Copy out the data in full and exactly, passing over the pictures.

----------

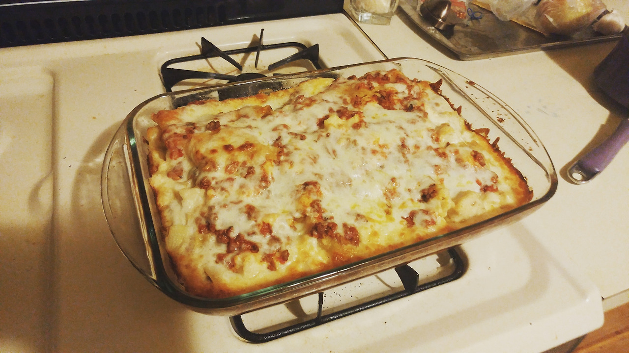 점심이 끝나고 한참 뒹굴다 여섯시쯤부터 라자냐를 준비했다. 먼저 라자냐 면을 삶고 오븐용기를 준비한다. 용기는 올리브유로 코팅해 라자냐가 들러붙는걸 방지하고, 삶아진 라자냐를 올린 후, 볼로네제부터 바른다. 그 위에 슬라이스햄, 양파, 모짜렐라, 체다 등을 넣고, 다시 라자냐 깔고 그 위에 베샤멜을 바르고 치즈로 덮고, 다시 라자냐 깔고 볼로네제 바르고. . . 이런 과정들의 반복 후엔 모짜렐라를 꽉 차게 덮어준 후 호일 덮은채로 섭씨 190도로 예열된 오븐에서 25분, 호일 열고 25분, 그리고 20분을 식히니 라자냐가 완성되었다.
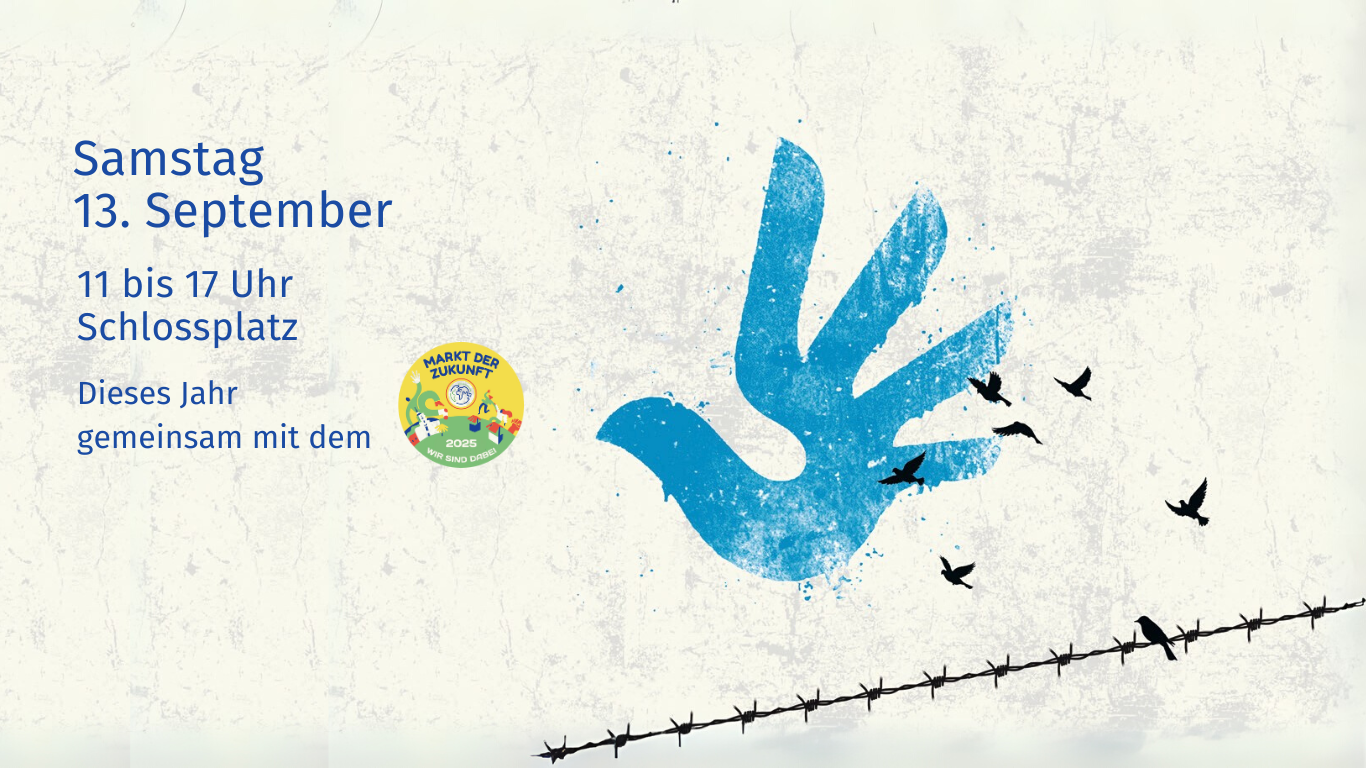 Dieses Jahr am 13.09., 11 bis 17 Uhr auf dem Schlossplatz – gemeinsam mit dem Markt der Zukunft. Vorveranstaltungen Mo. 25.08., 19:30 Uhr im Casablanca Kino Kein Land für Niemand…
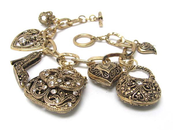 Crystal stud filfigree metal handbag and shoe charm dangle bracelet
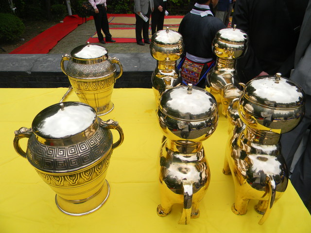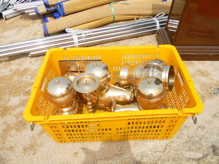 16. 제주를 담은 그릇과 의식 때마다 손을 씻는 정화수와 수건들
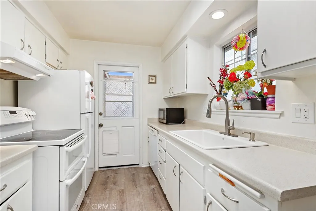 Welcome to this beautifully maintained single story townhouse located in the desirable Harbor Valley community of Fountain Valley. This rare end unit offers privacy, natural light, and a peaceful setting with views of the community's open green space, pool area, and sport courts. The home features a comfortable and efficient floorplan with one bedroom and one bathroom, designed with an open layout that connects the kitchen and living area for an inviting living space. The galley style kitchen includes laminate countertops and ample cabinet storage while remaining open to the main living area, making it ideal for everyday living and entertaining. Recent improvements include new hard surface flooring throughout the interior, creating a clean and modern feel from the moment you enter. The bathroom has been thoughtfully updated and features a stunning walk in shower with stylish finishes. The home is also equipped with a newer split system HVAC providing both heating and cooling for year round comfort, along with a newer upgraded electrical panel. The private patio offers a versatile outdoor space and includes a large storage shed that can serve as additional storage, a hobby room, craft space, or small workshop. From the patio you have direct access to the two-car garage, which includes laundry hookups and plenty of room for parking and storage. This desirable end unit location provides beautiful views of the expansive community open space and recreation areas. Harbor Valley is a well established and well maintained community with mature landscaping, plenty of guest parking, and low HOA dues. Conveniently located near shopping, restaurants, and everyday amenities, this home is also just a short drive to Mile Square Park and approximately 20 minutes from the beach. With central Orange County access and close proximity to major freeways, this location offers both comfort and convenience. A wonderful opportunity to own a thoughtfully updated home in one of Fountain Valley's most established communities.

----------

▶ [RESULT]
 점심이 끝나고 한참 뒹굴다 여섯시쯤부터 라자냐를 준비했다. 먼저 라자냐 면을 삶고 오븐용기를 준비한다. 용기는 올리브유로 코팅해 라자냐가 들러붙는걸 방지하고, 삶아진 라자냐를 올린 후, 볼로네제부터 바른다. 그 위에 슬라이스햄, 양파, 모짜렐라, 체다 등을 넣고, 다시 라자냐 깔고 그 위에 베샤멜을 바르고 치즈로 덮고, 다시 라자냐 깔고 볼로네제 바르고. . . 이런 과정들의 반복 후엔 모짜렐라를 꽉 차게 덮어준 후 호일 덮은채로 섭씨 190도로 예열된 오븐에서 25분, 호일 열고 25분, 그리고 20분을 식히니 라자냐가 완성되었다.
 Dieses Jahr am 13.09., 11 bis 17 Uhr auf dem Schlossplatz – gemeinsam mit dem Markt der Zukunft. Vorveranstaltungen Mo. 25.08., 19:30 Uhr im Casablanca Kino Kein Land für Niemand…
 Crystal stud filfigree metal handbag and shoe charm dangle bracelet
 16. 제주를 담은 그릇과 의식 때마다 손을 씻는 정화수와 수건들
 Welcome to this beautifully maintained single story townhouse located in the desirable Harbor Valley community of Fountain Valley. This rare end unit offers privacy, natural light, and a peaceful setting with views of the community's open green space, pool area, and sport courts. The home features a comfortable and efficient floorplan with one bedroom and one bathroom, designed with an open layout that connects the kitchen and living area for an inviting living space. The galley style kitchen includes laminate countertops and ample cabinet storage while remaining open to the main living area, making it ideal for everyday living and entertaining. Recent improvements include new hard surface flooring throughout the interior, creating a clean and modern feel from the moment you enter. The bathroom has been thoughtfully updated and features a stunning walk in shower with stylish finishes. The home is also equipped with a newer split system HVAC providing both heating and cooling for year round comfort, along with a newer upgraded electrical panel. The private patio offers a versatile outdoor space and includes a large storage shed that can serve as additional storage, a hobby room, craft space, or small workshop. From the patio you have direct access to the two-car garage, which includes laundry hookups and plenty of room for parking and storage. This desirable end unit location provides beautiful views of the expansive community open space and recreation areas. Harbor Valley is a well established and well maintained community with mature landscaping, plenty of guest parking, and low HOA dues. Conveniently located near shopping, restaurants, and everyday amenities, this home is also just a short drive to Mile Square Park and approximately 20 minutes from the beach. With central Orange County access and close proximity to major freeways, this location offers both comfort and convenience. A wonderful opportunity to own a thoughtfully updated home in one of Fountain Valley's most established communities.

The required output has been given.